Глава IX. ЗАКЛЮЧЕНИЕ. ЖИЗНЬ И СМЫСЛ
Если задаться вопросом о том, каким должно быть заключение книги о творчестве такого мыслителя, как Аристотель, а именно итог всего предложенного нами выше изложения, то может возникнуть лишь один последний вопрос — о соотношении философии Аристотеля и его реальной жизненной судьбы или о соотношении жизни Аристотеля и ее смысла.
Жизнь и смысл
В Древней Греции, кажется, не было мыслителя большего энциклопедического размаха, чем Аристотель. Это был человек, который везде и всюду искал прежде всего смысл действительности и который формулировал смысл находимых им вещей в более обширных и более глубоких размерах. Если взять одну биологию, то в своих зоологических трактатах Аристотель устанавливает и характеризует более 400 видов животных.
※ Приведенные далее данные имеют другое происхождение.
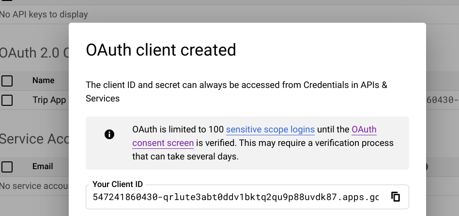 **31.)** その後、**Create** をクリックします。Adalo に貼り付ける必要はありませんが、Android で Google Sign In が機能するためには作成しておく必要があります。

Если взять его общественно-политические сочинения, то, оказывается, он характеризовал 158 разных греческих и негреческих законодательств. Вся V книга его основного трактата «Метафизика» специально посвящена философской терминологии, и каждый термин выступает у него в двух-трех, а то и пяти или шести смыслах. Вся жизнь этого человека состояла в бесконечном установлении того или иного смысла окружавших его предметов.
Искание смысла жизни уже на восемнадцатом году привело его не куда-нибудь, но в самую развитую, самую богатую и в те времена самую возвышенную философскую школу того времени — а именно в Академию Платона. В Академии Аристотель овладел философией Платона, но и здесь оставался менее всего пассивным. Он весьма скоро стал относиться к этой философии вполне критически, учитывая как все ее достижения, так и недостатки.
Небывалый размах и расцвет философской мысли Аристотеля всегда соединялся у него с весьма активной политической деятельностью. Как истый грек, он был бесконечно предан своим патриотическим интересам и всеми силами своей гениальной души хотел сохранить Грецию именно периода ее классики. Но уже тут Аристотелю пришлось столкнуться с весьма суровой судьбой греческого классического полиса, быстро шедшего к своей неминуемой гибели.
И здесь он не только не был пассивным созерцателем, но весьма активно хотел восстановить свободу независимых друг от друга греческих полисов под властью гуманно настроенных македонских царей. Это ему решительно не удалось, потому что македонские цари оказались не гуманистами, но деспотами, желавшими не свободно расцветающей демократической Греции, но ее раболепного подчинения всем капризам жесточайшего завоевателя.
Однако, убедившись в полной непригодности для этой роли македонского владычества, которому он принципиально сочувствовал и в гуманность которого он долгое время верил, Аристотель все же не остался в стороне. Нельзя закрывать глаза на то, что он задумывал, может быть, даже отравить Александра Македонского, который из философствующего монарха и почтительного ученика очень скоро превратился в кровавого завоевателя и тирана. Смерть Александра, однако, не отодвинула в небытие самые насущные проблемы.